Tuesday 17 October 2017

Car sales rise again

European new car sales rose for two consecutive months for the first time since 2011 as a cash-for-clunkers programme in Spain and a regional economic recovery spurred consumers to purchase vehicles. Registrations in October advanced 4.6pc from a year earlier to 1.04 million cars, the Brussels-based European Automobile Manufacturers Association said. Sales in September climbed 5.5pc. "What we can say with certainty is that we reached the bottom" in European car sales earlier this year, said Thomas Besson, a Paris-based analyst at Kepler Cheuvreux.

BANK BONUS PENALTY

Bankers who fail to report colleagues' misconduct should be forced to pay back a portion of their bonuses, the Bank of England said as it seeks to rein in practices that tarnished the reputation of lenders. Banks should penalise staff that don't "take adequate steps to promptly identify, assess, report, escalate or address" poor behaviour by colleagues by taking away some of their deferred bonus awards, the BOE's Prudential Regulation Authority.

GERMAN RECOVERY

German investor confidence rose to the highest level in more than four years, signaling that the economic recovery in Europe's largest economy remains on track even after a third-quarter slowdown.

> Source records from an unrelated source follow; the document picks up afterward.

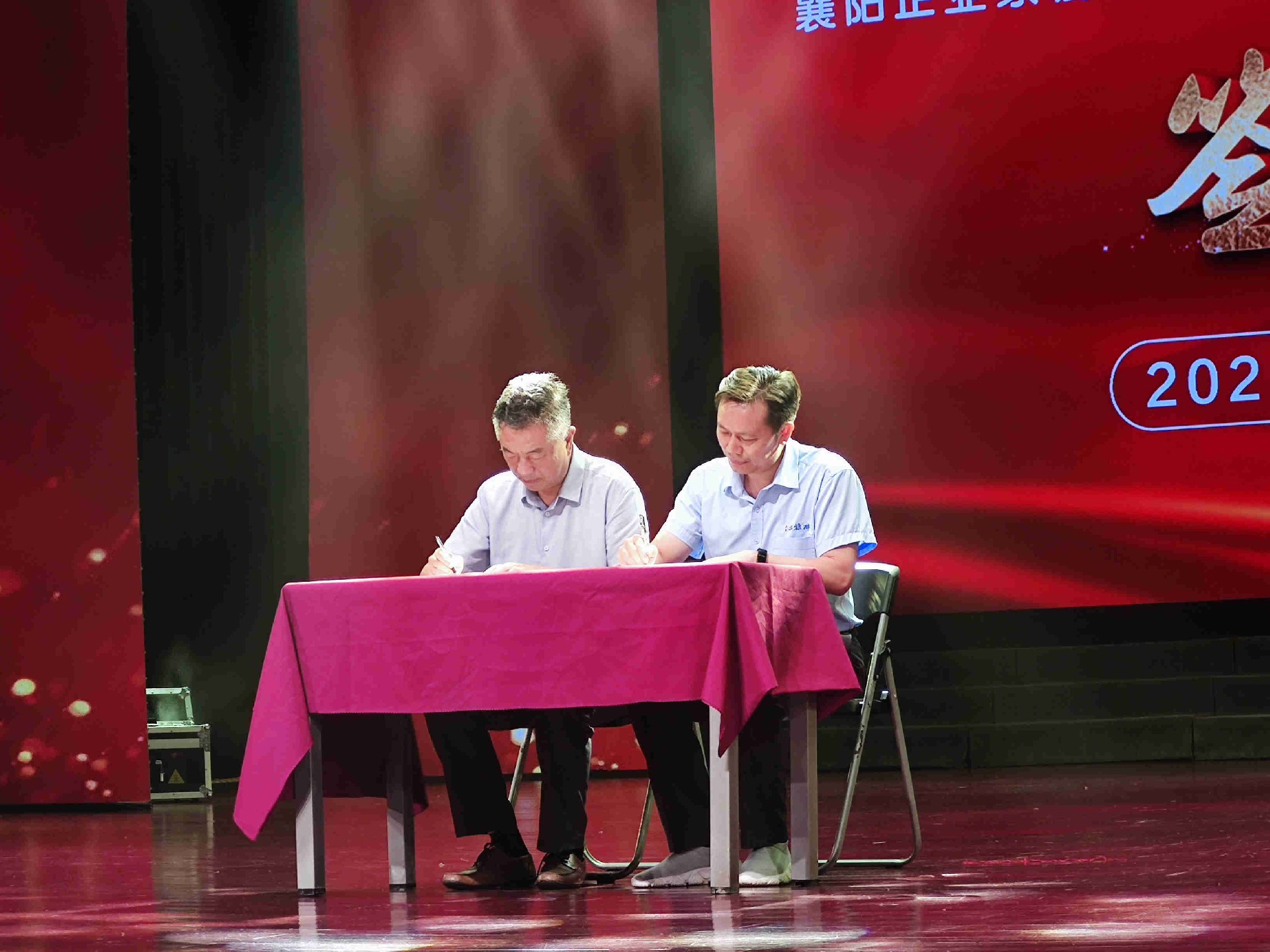 活動(dòng)現(xiàn)場(chǎng),襄陽(yáng)企聯(lián)常務(wù)副會(huì)長(zhǎng)兼秘書(shū)長(zhǎng)趙樂(lè)成與雙雄醉健康酒業(yè)總經(jīng)理鄭書(shū)軍簽訂禮送生日蛋糕的服務(wù)協(xié)議。
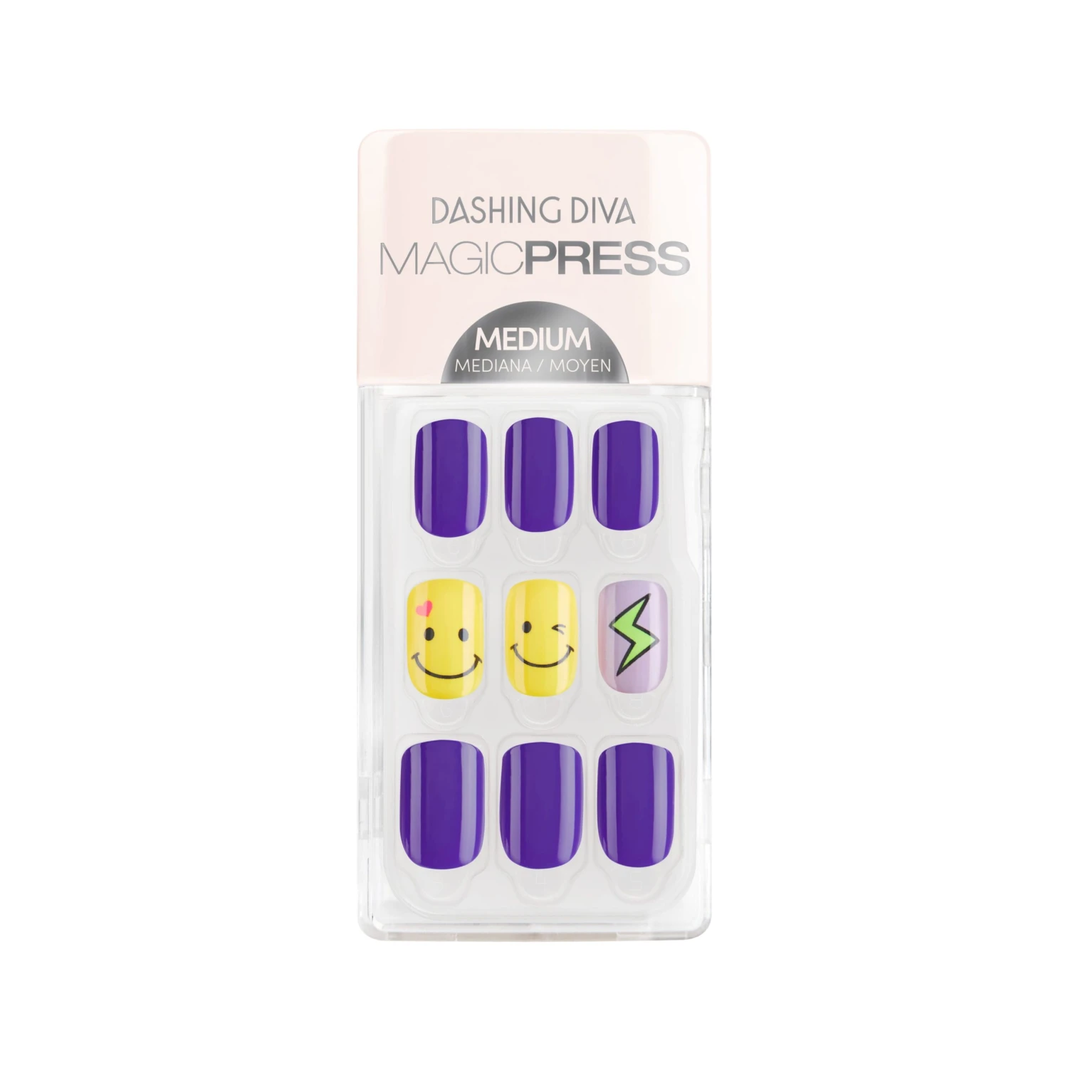 A grape manicure to match your Grape Smile! Medium length, square shape, glossy finish purple & yellow press-on gel nails featuring hearts, smiley faces, and lightening icons.
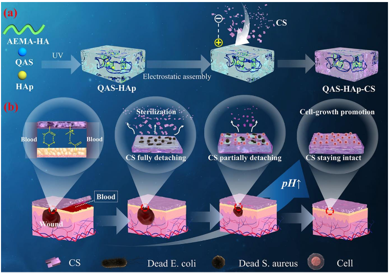 其他說明:密封狀態(tài)下保質(zhì)期半年【主要優(yōu)勢】一種具有微妙時空響應(yīng)性的自適應(yīng)敷料。具體來說,由于愈合初期傷口的酸性環(huán)境,CS涂層會迅速脫落,暴露出活性QAS基團(tuán),從而達(dá)到最大的消毒效果;同時,隨著傷口逐漸愈合并恢復(fù)到中性 pH 值,CS 將保持穩(wěn)定以保持 QAS 篩選,實現(xiàn)上皮再生的高細(xì)胞生長促進(jìn)活性。
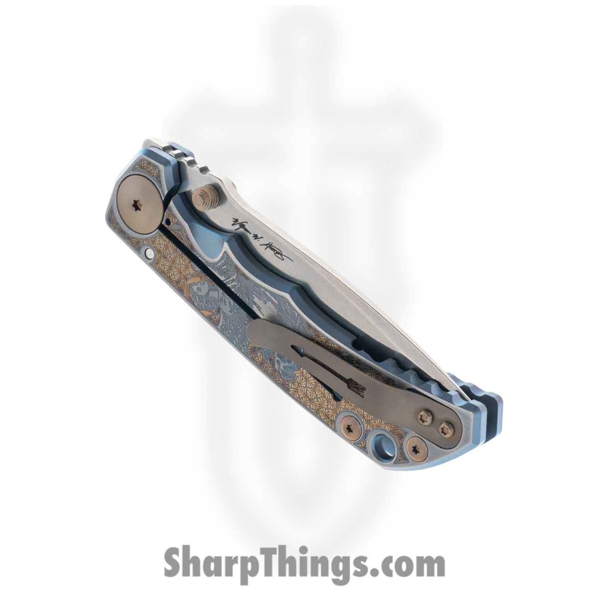 The Spartan Blades Harsey Folder “Angel” Edition (Model SF5ANGL) stands as a refined fusion of elite craftsmanship and expressive artistry. Designed by the renowned knife-maker William W. Harsey Jr. in collaboration with Spartan Blades, this limited-edition frame-lock folding knife channels both the protective symbolism of angelic iconography and the high-performance material engineering expected of a premium tactical-art piece. The SF5ANGL is built for the collector who demands both technical excellence and meaningful design. From the moment you draw the knife, the Angel Edition makes its purpose clear—not just as a tool, but as a legacy piece. The handle is crafted from anodised 6AL-4V titanium, deeply engraved with stylised angelic wings and figures whose presence evokes guardianship, resilience and transcendence. That design wraps around the ergonomic frame-lock architecture, combining everyday usability with symbolic strength. The blade itself is forged from CPM MagnaCut stainless steel, an alloy that offers extraordinary edge retention, toughness and corrosion resistance. According to published sources the blade hardness rate clocks in around 61–63 HRC. Whether you carry the SF5ANGL for performance or appreciation, the balance, materials and finishing are exceptional. At a listed weight of approximately 5.9 oz and a total length of about 9.0″, the knife strikes an accessible middle ground between utility and presence. The dual thumb-stud opening, reversible tip-up pocket clip and precise pivot assembly make it a practical carry choice, while the deeply engraved handle art elevates it to a display-worthy piece.
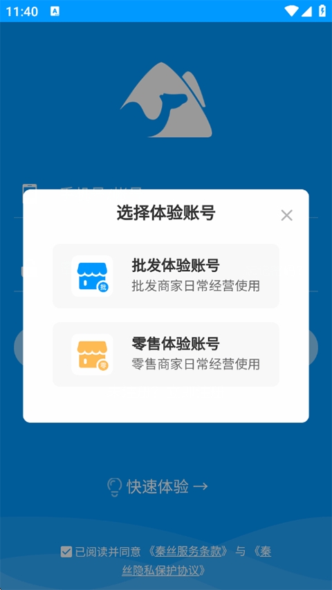 1、在本站下载好秦丝进销存,并输入手机号进行注册,也可以先点击下方的快速体验。

The ZEW Centre for European Economic Research in Mannheim said its index of investor and analyst expectations, which aims to predict economic developments six months in advance, climbed for a fourth month to 54.6 in November. That's the strongest reading since October 2009 and up from 52.8 the prior month. "Germany's economy is solid, especially when you consider the fact that domestic demand is the main reason for growth," said Stefan Schneider, chief international economist at Deutsche Bank.

WORLD BANK WARNING

World Bank President Jim Yong Kim said he hopes the Federal Reserve will exit its monetary stimulus bit by bit as he urged emerging markets to prepare for a wave of higher global interest rates. "As long as anything that happens is gradual, we think that developing economies will be able to respond effectively," Mr Kim said. "Anything abrupt would be more problematic." The International Monetary Fund and the World Bank have called on nations from Turkey to Indonesia to strengthen their economies in preparation for the reduction.